- Activity: Copy out exactly, from the entries that follow, the line holding "Saat dikonfirmasi, salah", the line holding "Possui manga longa, golar", and all lines between them, but no pictures.

- Provided data:
:::::

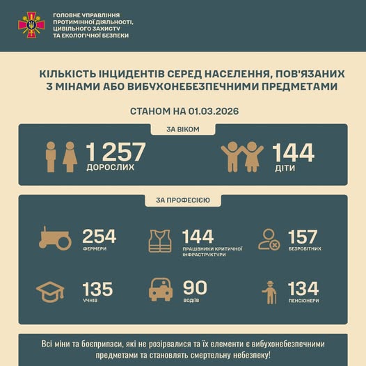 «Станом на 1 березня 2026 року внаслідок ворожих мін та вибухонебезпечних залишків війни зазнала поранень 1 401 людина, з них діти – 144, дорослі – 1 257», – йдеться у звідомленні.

:::::

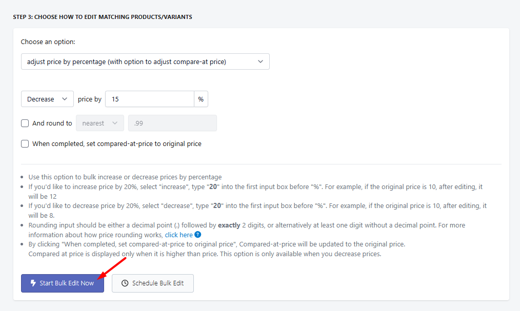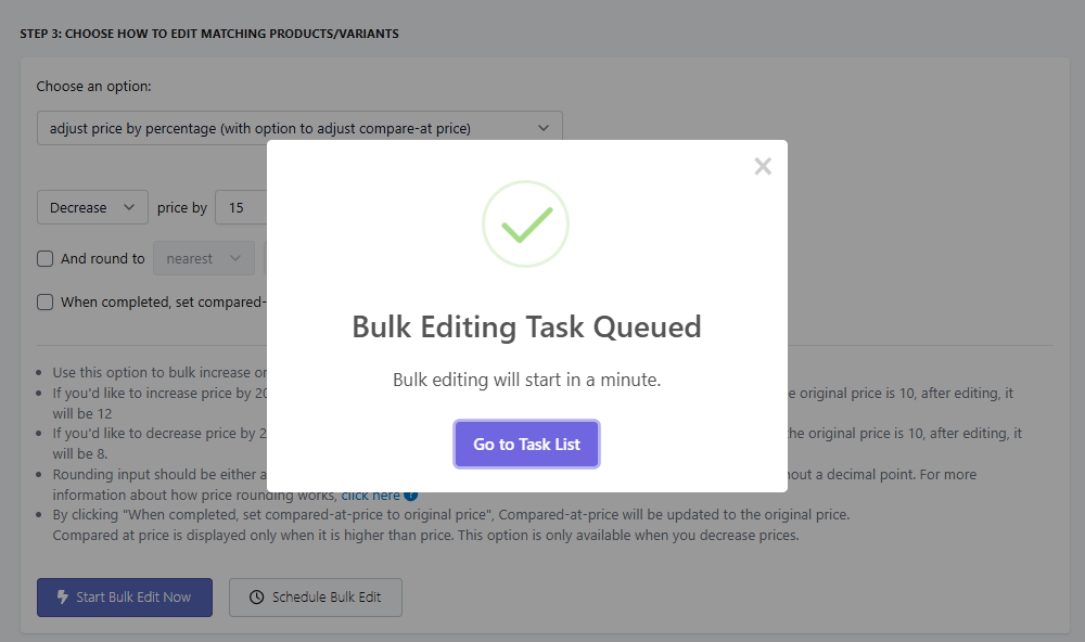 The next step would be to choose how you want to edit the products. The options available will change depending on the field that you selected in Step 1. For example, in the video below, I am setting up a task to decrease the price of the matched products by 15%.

:::::

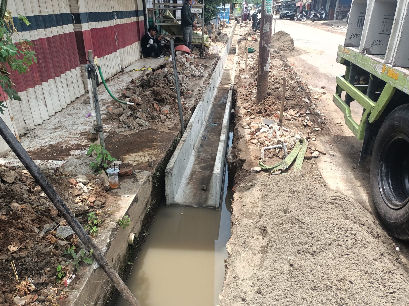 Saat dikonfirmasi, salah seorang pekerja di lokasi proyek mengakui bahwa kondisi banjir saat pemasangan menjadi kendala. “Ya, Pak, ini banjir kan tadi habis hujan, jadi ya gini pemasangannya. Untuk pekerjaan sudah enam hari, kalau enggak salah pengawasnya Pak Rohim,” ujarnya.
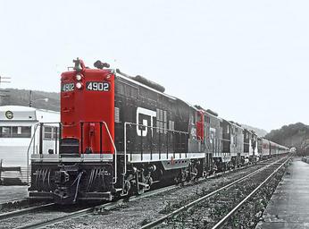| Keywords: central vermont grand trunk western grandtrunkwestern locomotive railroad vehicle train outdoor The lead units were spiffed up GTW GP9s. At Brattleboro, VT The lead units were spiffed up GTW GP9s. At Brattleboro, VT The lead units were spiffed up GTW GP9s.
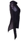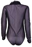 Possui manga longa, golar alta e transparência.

:::::

- Response below:
 Saat dikonfirmasi, salah seorang pekerja di lokasi proyek mengakui bahwa kondisi banjir saat pemasangan menjadi kendala. “Ya, Pak, ini banjir kan tadi habis hujan, jadi ya gini pemasangannya. Untuk pekerjaan sudah enam hari, kalau enggak salah pengawasnya Pak Rohim,” ujarnya.
| Keywords: central vermont grand trunk western grandtrunkwestern locomotive railroad vehicle train outdoor The lead units were spiffed up GTW GP9s. At Brattleboro, VT The lead units were spiffed up GTW GP9s. At Brattleboro, VT The lead units were spiffed up GTW GP9s.
 Possui manga longa, golar alta e transparência.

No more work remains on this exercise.